Source material:
++++++++++
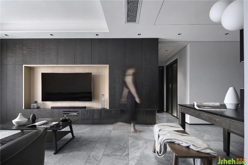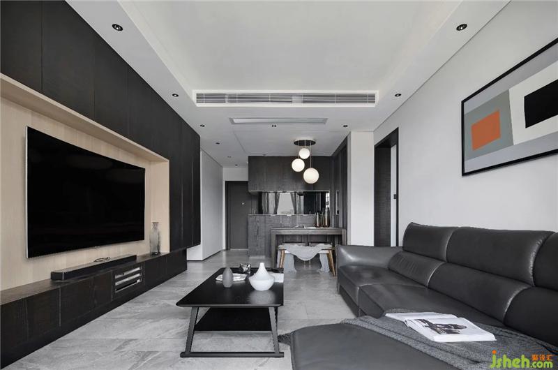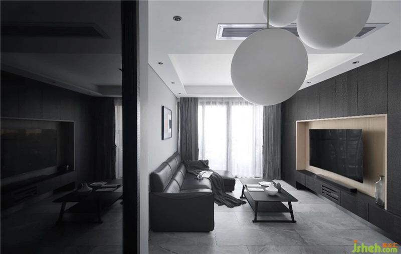 2、灰色为空间收纳柜设计,满足收纳的同时,尽可能不让空间压抑;
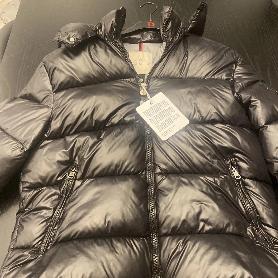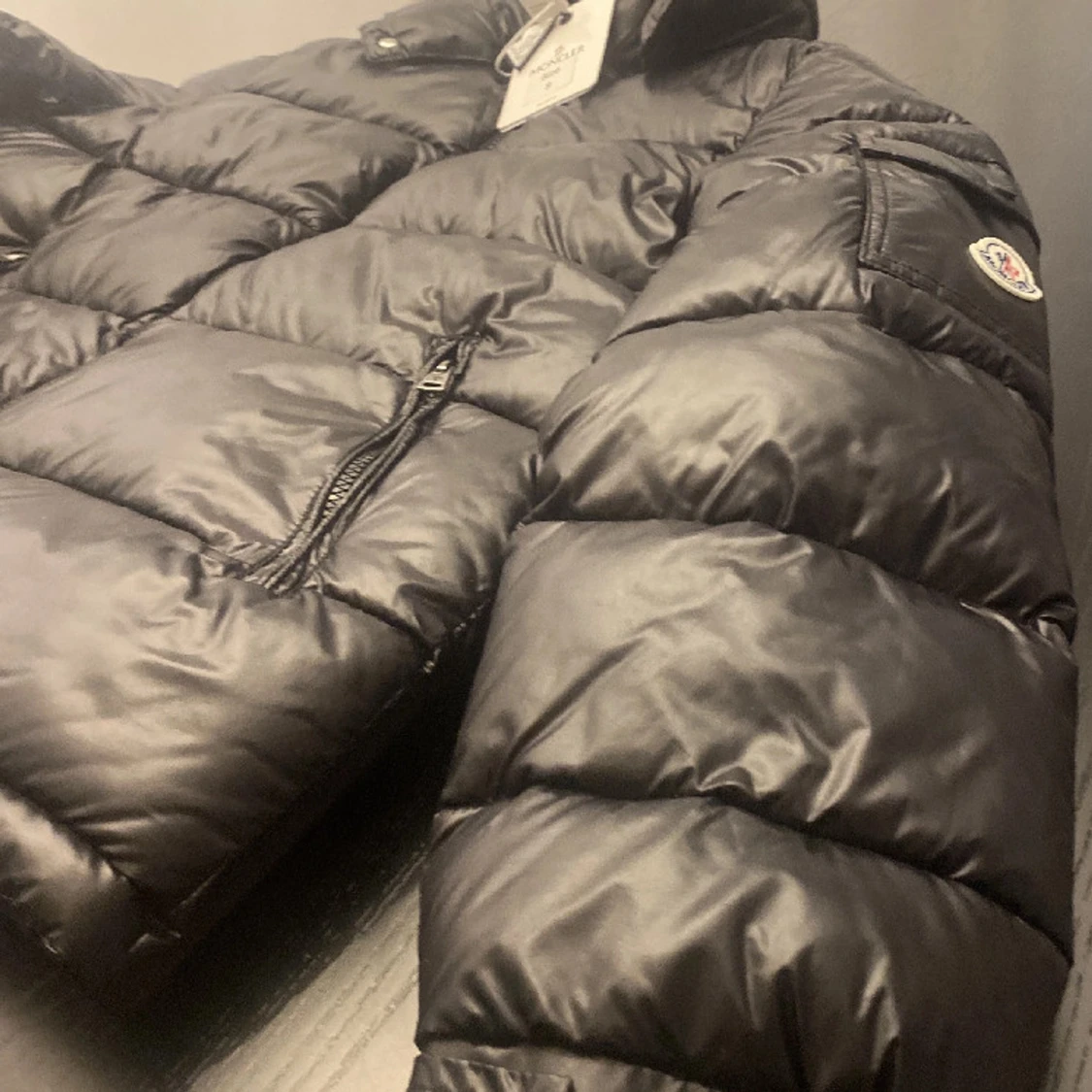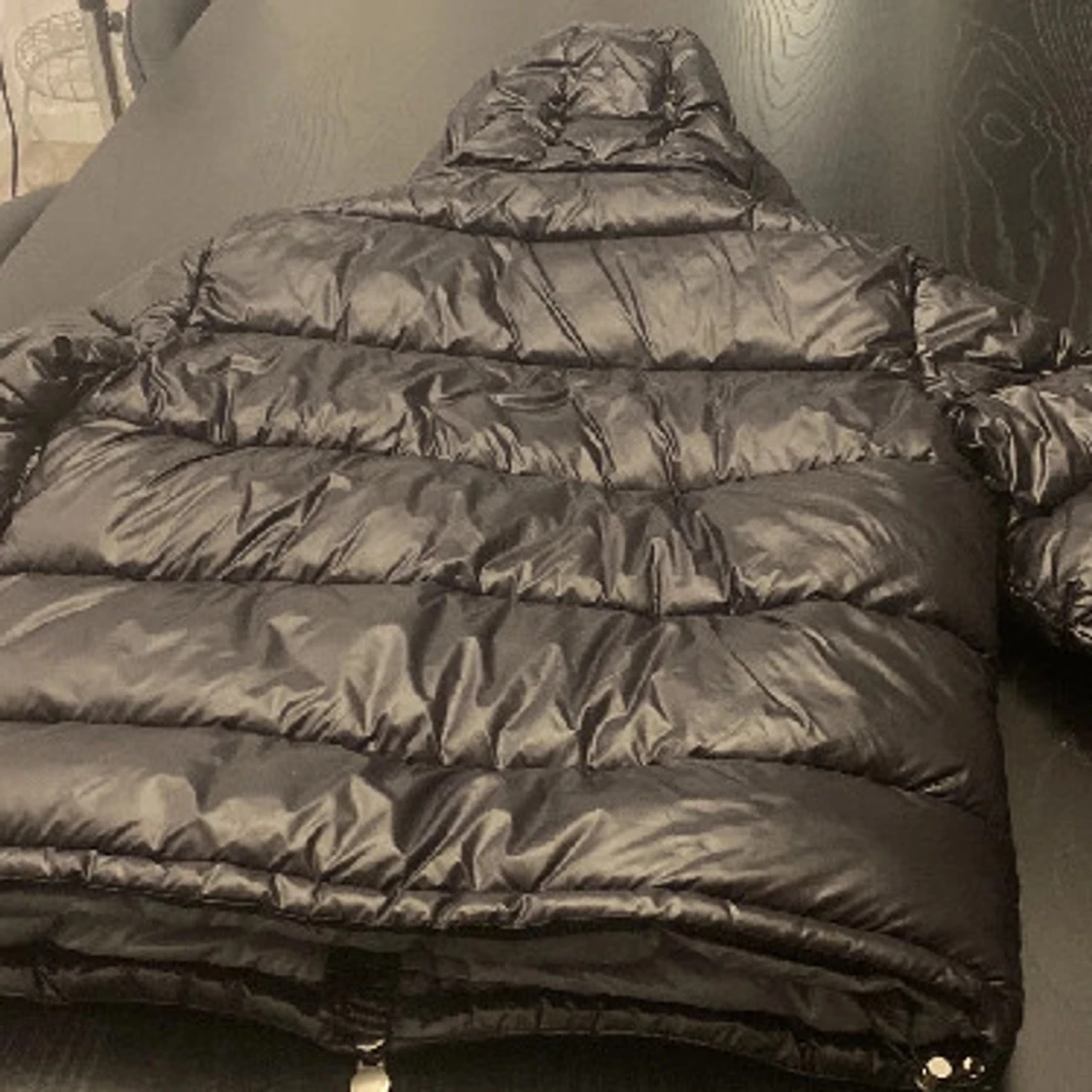 Snygg svart pufferjacka från Moncler med glansig finish, huva och två dragkedjefickor framtill. Jackan har en klassisk Moncler-logga på ärmen och quiltad design som ger en riktigt fet vinterlook. Perfekt för dig som vill hålla stilen när det är kallt ute.
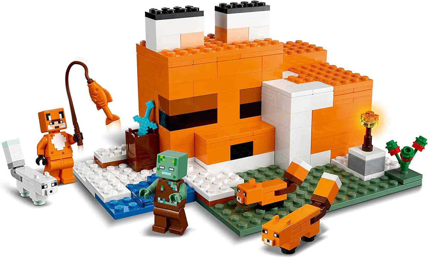 Il Playset include l'iconica figure Minecraft dello zombie emerso; più la volpe con il suo cucciolo, la volpe artica e un personaggio con pelliccia di volpe
++++++++++
Instructions to follow: Provide the lines again, unchanged, from where the data above begins through the line containing "Snygg svart pufferjacka", both ends included, omitting pictures and adding nothing.

Exercise answer:
 2、灰色为空间收纳柜设计,满足收纳的同时,尽可能不让空间压抑;
 Snygg svart pufferjacka från Moncler med glansig finish, huva och två dragkedjefickor framtill. Jackan har en klassisk Moncler-logga på ärmen och quiltad design som ger en riktigt fet vinterlook. Perfekt för dig som vill hålla stilen när det är kallt ute.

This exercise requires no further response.